▸ **Problem to work on**
Print the listing below verbatim, passing over each picture.

▸ **Supplied data**
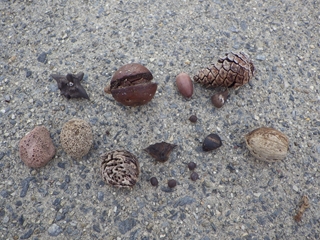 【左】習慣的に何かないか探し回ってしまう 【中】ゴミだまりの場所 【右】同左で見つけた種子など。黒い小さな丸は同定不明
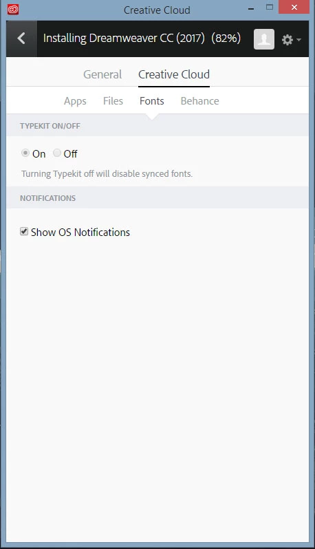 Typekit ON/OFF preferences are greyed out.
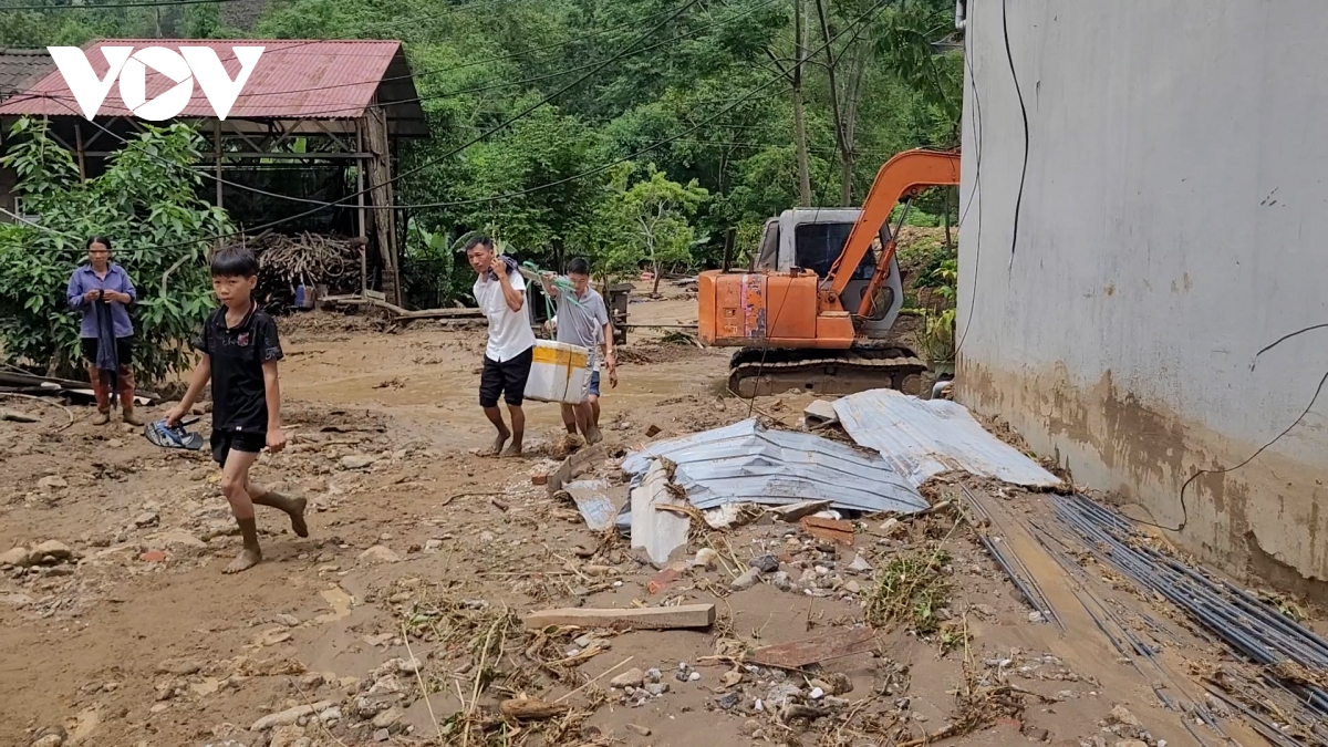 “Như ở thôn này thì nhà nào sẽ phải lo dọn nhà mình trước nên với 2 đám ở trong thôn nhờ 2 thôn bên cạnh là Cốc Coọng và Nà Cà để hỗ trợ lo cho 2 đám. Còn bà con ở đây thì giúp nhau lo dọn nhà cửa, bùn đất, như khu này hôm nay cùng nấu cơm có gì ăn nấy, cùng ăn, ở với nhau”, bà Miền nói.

▸ **Exercise result**
 【左】習慣的に何かないか探し回ってしまう 【中】ゴミだまりの場所 【右】同左で見つけた種子など。黒い小さな丸は同定不明
 Typekit ON/OFF preferences are greyed out.
 “Như ở thôn này thì nhà nào sẽ phải lo dọn nhà mình trước nên với 2 đám ở trong thôn nhờ 2 thôn bên cạnh là Cốc Coọng và Nà Cà để hỗ trợ lo cho 2 đám. Còn bà con ở đây thì giúp nhau lo dọn nhà cửa, bùn đất, như khu này hôm nay cùng nấu cơm có gì ăn nấy, cùng ăn, ở với nhau”, bà Miền nói.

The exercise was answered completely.